▶ [EXERCISE]: Repeat the lines from the one containing "6、现在,你会看到一个预览界" through the end of the listing exactly, both ends included. Do not carry over any pictures.

··· RECORDED INFORMATION ···

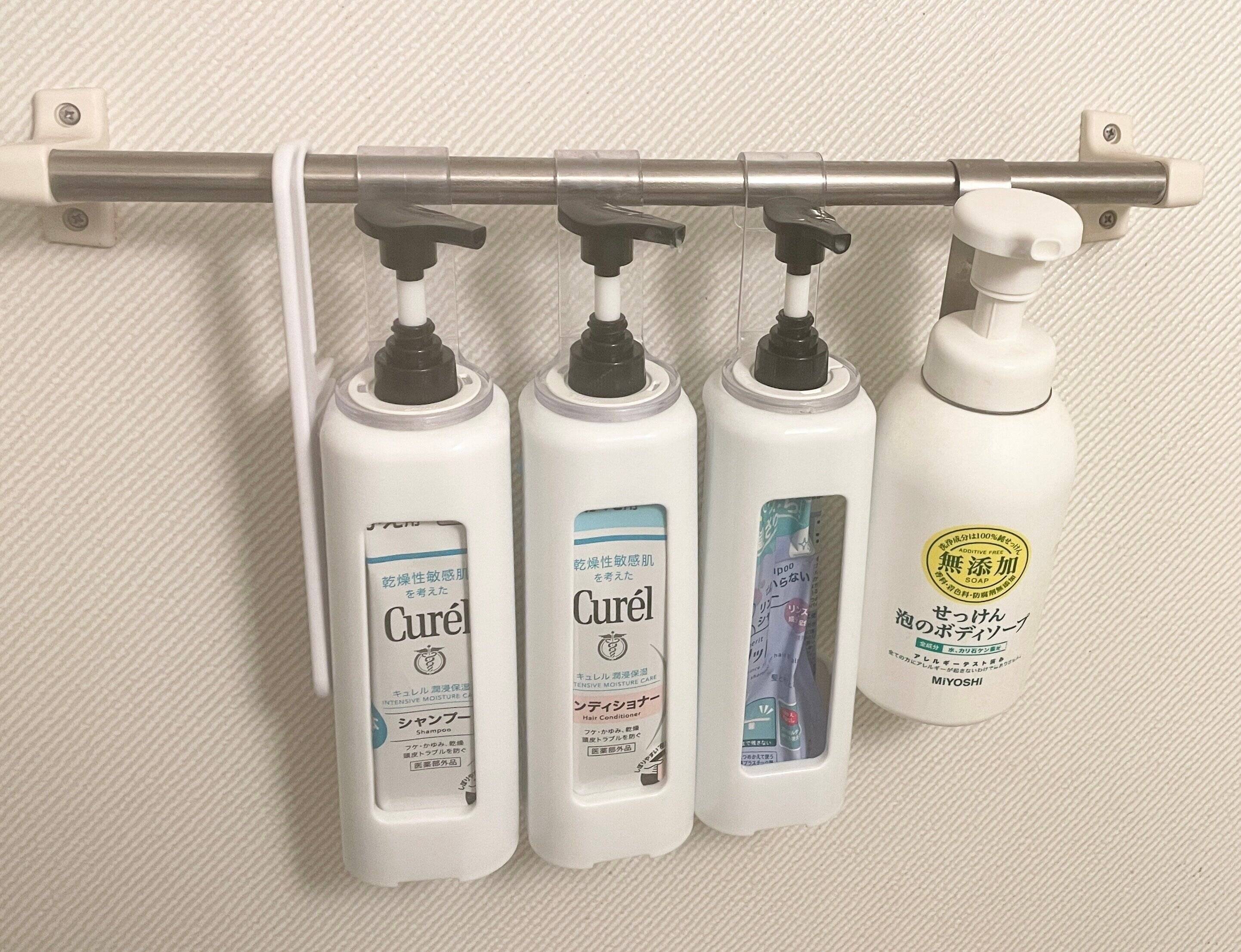 最近では、ボトルをタオルバーにかけて浮かせるハンギングフックや、詰め替えをそのまま使って浮かせるグッズが100均でも販売されています。
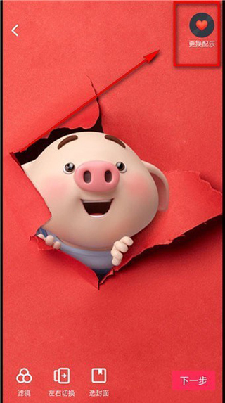 6、现在,你会看到一个预览界面,在右上角有一个音乐符号的图标,旁边写着“更换配乐”,点击它。
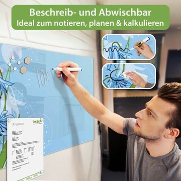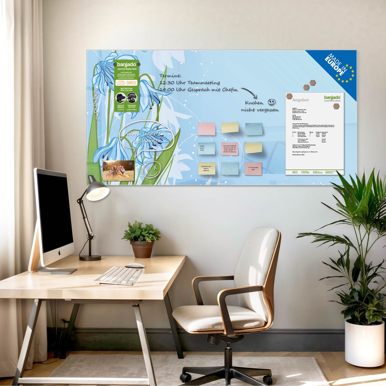 Die banjado Glas Magnettafel mit dem Motiv Motiv Bergblaulilie verbindet Funktionalität mit Stil. Sie ersetzt das Zettelchaos durch klare Strukturen und bringt dabei eine warme, natürliche Atmosphäre in Ihr Zuhause. Ob im Büro, in der Küche oder im Eingangsbereich - dieses Design-Board zieht Blicke an und sorgt für Ordnung mit Charakter.

···

▶ [ANSWER SECTION]:
 6、现在,你会看到一个预览界面,在右上角有一个音乐符号的图标,旁边写着“更换配乐”,点击它。
 Die banjado Glas Magnettafel mit dem Motiv Motiv Bergblaulilie verbindet Funktionalität mit Stil. Sie ersetzt das Zettelchaos durch klare Strukturen und bringt dabei eine warme, natürliche Atmosphäre in Ihr Zuhause. Ob im Büro, in der Küche oder im Eingangsbereich - dieses Design-Board zieht Blicke an und sorgt für Ordnung mit Charakter.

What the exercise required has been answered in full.